▶ [WORK TASK]:
Pictures aside, restate the records below exactly as written.
START DATA UNDER STUDY
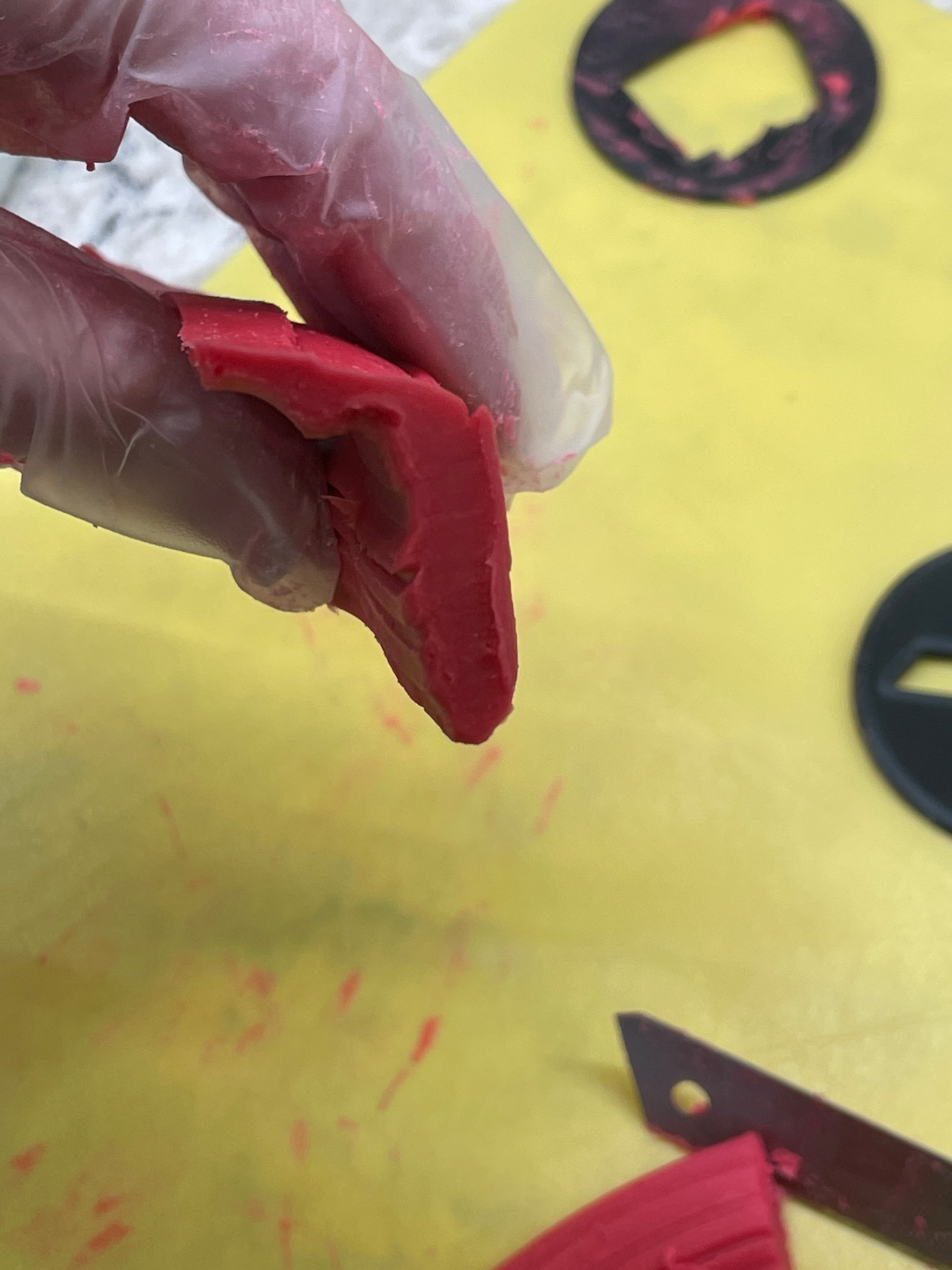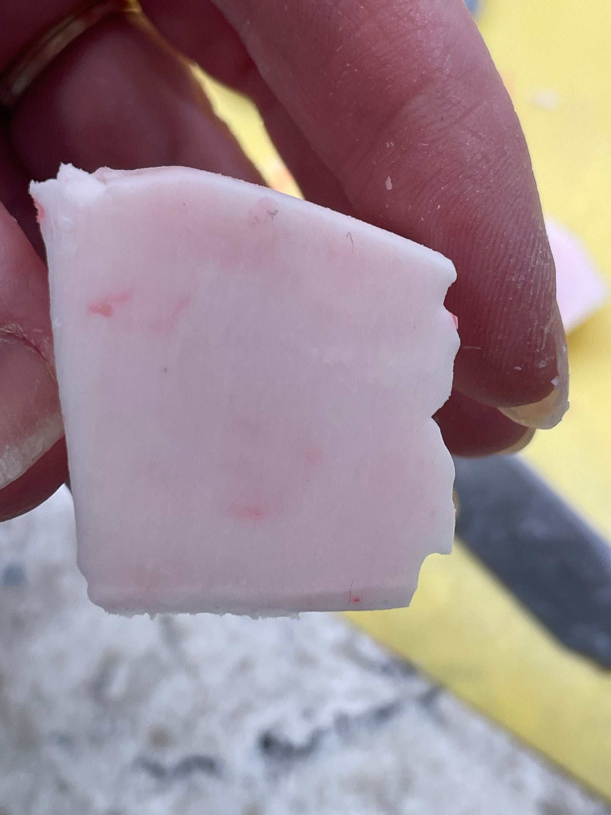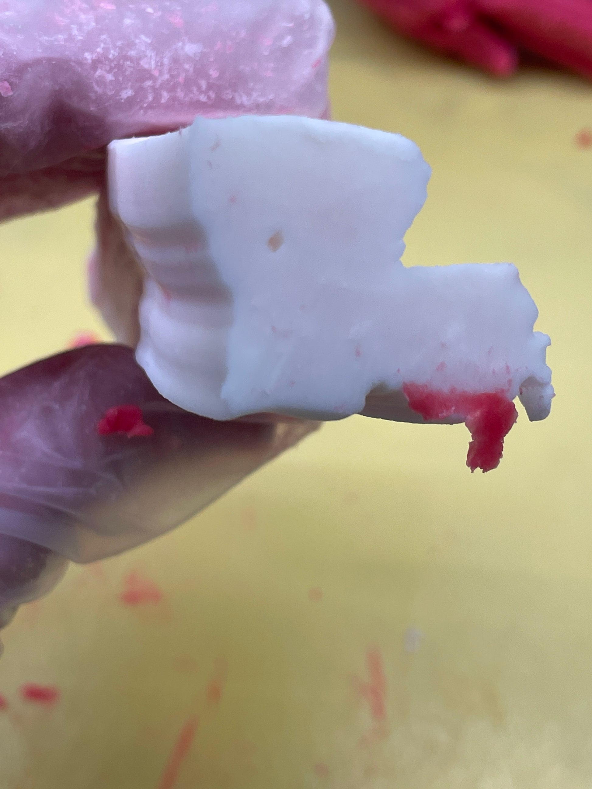 -I first tried putting in a container that was too tall & deep and my recipe gel'ed thus giving me soap that wasn't good for extruding (too hard and had 'chunks' of partially gelled soap).
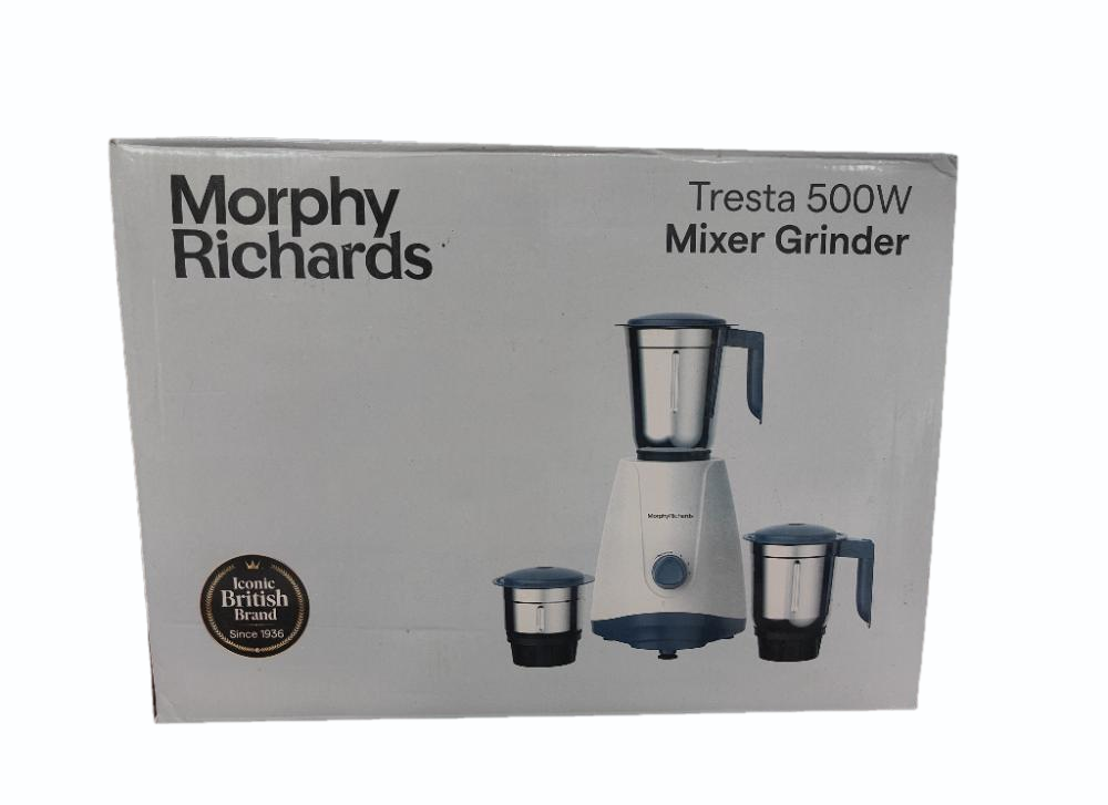 The Morphy Richards Tresta 500W Mixer Grinder is a compact and reliable kitchen appliance designed for everyday grinding, blending, and mixing needs. With a powerful motor and durable stainless-steel jars, it ensures efficient performance for preparing chutneys, spices, batters, and smoothies. Ideal for small to medium households, this mixer grinder combines functionality, safety, and modern design for hassle-free cooking.
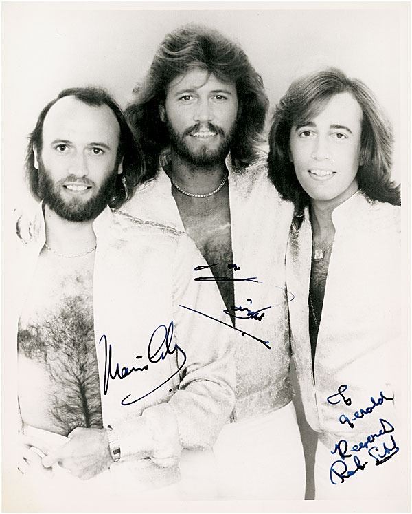 Satin-finish 8 x 10 group photo of the Bee Gees, signed and inscribed in black ink, “To Gerald, Regards, Robin Gibb,” “Maurice Gibb,” and “Barry.” In fine condition, with trivial toning.
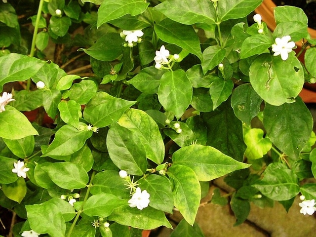Jasminum sambac, communément appelé jasmin d'Arabie ou jasmin sambac, est une plante grimpante volubile appartenant à la famille des Oleaceae. Originaire des régions tropicales et subtropicales d'Asie du Sud, elle se caractérise par un feuillage persistant vert foncé, composé de petites feuilles opposées et lancéolées. La plante produit des fleurs blanches intensément parfumées, petites et étoilées, disposées en petits bouquets floraux. Son port ramifié et flexible la rend particulièrement adaptée à la culture en espalier ou en pot. Avec une croissance vigoureuse, elle peut atteindre 2 à 3 mètres de hauteur selon les conditions de culture. Le jasmin sambac se distingue par sa floraison généreuse et prolongée, ainsi que par son arôme caractéristique très apprécié en parfumerie.
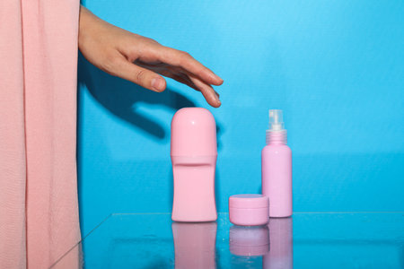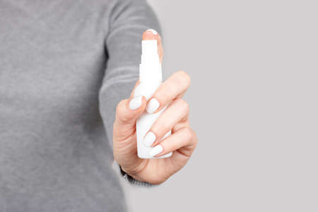 A woman is holding antiperspirant. Place for your text. The concept of hazardous substances in cosmetics and household chemicals
END DATA UNDER STUDY
▶ [OUTPUT OF THE TASK]:
 -I first tried putting in a container that was too tall & deep and my recipe gel'ed thus giving me soap that wasn't good for extruding (too hard and had 'chunks' of partially gelled soap).
 The Morphy Richards Tresta 500W Mixer Grinder is a compact and reliable kitchen appliance designed for everyday grinding, blending, and mixing needs. With a powerful motor and durable stainless-steel jars, it ensures efficient performance for preparing chutneys, spices, batters, and smoothies. Ideal for small to medium households, this mixer grinder combines functionality, safety, and modern design for hassle-free cooking.
 Satin-finish 8 x 10 group photo of the Bee Gees, signed and inscribed in black ink, “To Gerald, Regards, Robin Gibb,” “Maurice Gibb,” and “Barry.” In fine condition, with trivial toning.
Jasminum sambac, communément appelé jasmin d'Arabie ou jasmin sambac, est une plante grimpante volubile appartenant à la famille des Oleaceae. Originaire des régions tropicales et subtropicales d'Asie du Sud, elle se caractérise par un feuillage persistant vert foncé, composé de petites feuilles opposées et lancéolées. La plante produit des fleurs blanches intensément parfumées, petites et étoilées, disposées en petits bouquets floraux. Son port ramifié et flexible la rend particulièrement adaptée à la culture en espalier ou en pot. Avec une croissance vigoureuse, elle peut atteindre 2 à 3 mètres de hauteur selon les conditions de culture. Le jasmin sambac se distingue par sa floraison généreuse et prolongée, ainsi que par son arôme caractéristique très apprécié en parfumerie.
 A woman is holding antiperspirant. Place for your text. The concept of hazardous substances in cosmetics and household chemicals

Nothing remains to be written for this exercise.